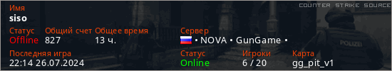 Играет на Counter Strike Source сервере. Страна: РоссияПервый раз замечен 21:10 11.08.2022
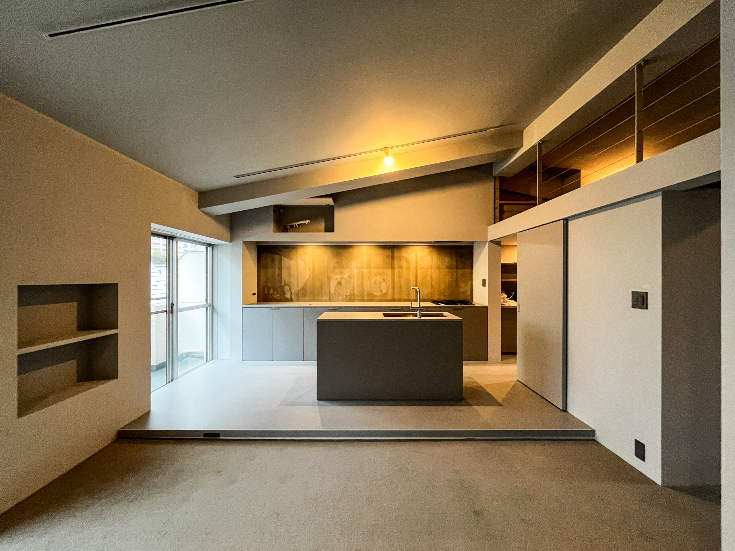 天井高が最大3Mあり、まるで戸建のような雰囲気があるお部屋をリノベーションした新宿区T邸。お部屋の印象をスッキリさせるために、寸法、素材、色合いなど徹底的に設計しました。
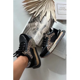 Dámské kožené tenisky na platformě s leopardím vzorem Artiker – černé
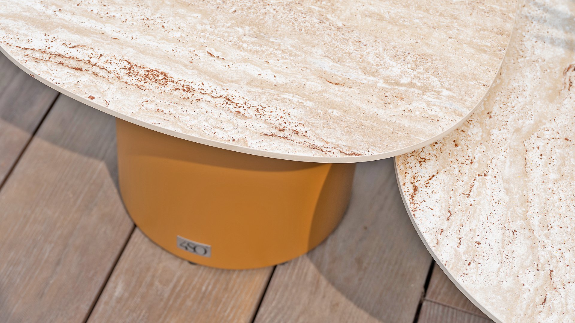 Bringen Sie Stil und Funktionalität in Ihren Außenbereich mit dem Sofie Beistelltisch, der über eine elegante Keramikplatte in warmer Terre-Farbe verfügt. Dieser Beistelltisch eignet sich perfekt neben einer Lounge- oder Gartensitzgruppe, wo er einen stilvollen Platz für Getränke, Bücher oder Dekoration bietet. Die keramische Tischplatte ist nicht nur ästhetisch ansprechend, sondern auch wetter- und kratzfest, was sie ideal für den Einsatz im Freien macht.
...
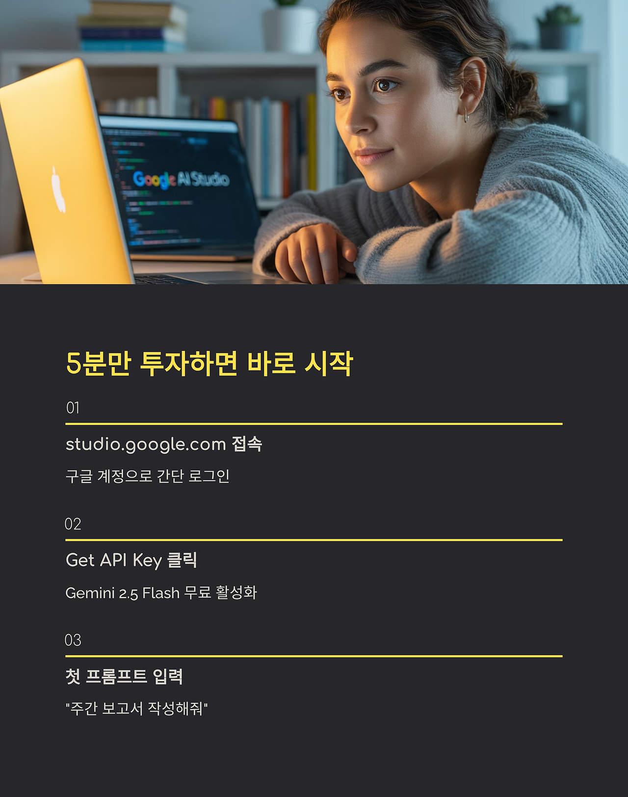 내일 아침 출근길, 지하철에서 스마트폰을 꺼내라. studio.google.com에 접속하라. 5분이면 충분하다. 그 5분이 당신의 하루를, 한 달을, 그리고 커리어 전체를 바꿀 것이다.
==
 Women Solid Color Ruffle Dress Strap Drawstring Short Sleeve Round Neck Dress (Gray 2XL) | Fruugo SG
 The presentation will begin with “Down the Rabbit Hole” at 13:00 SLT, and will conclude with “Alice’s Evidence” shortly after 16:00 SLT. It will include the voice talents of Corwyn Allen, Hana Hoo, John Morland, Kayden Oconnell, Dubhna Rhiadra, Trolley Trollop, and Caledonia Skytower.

(Task description)
Taking the lines above, repeat exactly those from the line that contains "Women Solid Color" through the line that contains "The presentation will", and both of those lines as well. Include nothing else.

(Answer to this problem)
 Women Solid Color Ruffle Dress Strap Drawstring Short Sleeve Round Neck Dress (Gray 2XL) | Fruugo SG
 The presentation will begin with “Down the Rabbit Hole” at 13:00 SLT, and will conclude with “Alice’s Evidence” shortly after 16:00 SLT. It will include the voice talents of Corwyn Allen, Hana Hoo, John Morland, Kayden Oconnell, Dubhna Rhiadra, Trolley Trollop, and Caledonia Skytower.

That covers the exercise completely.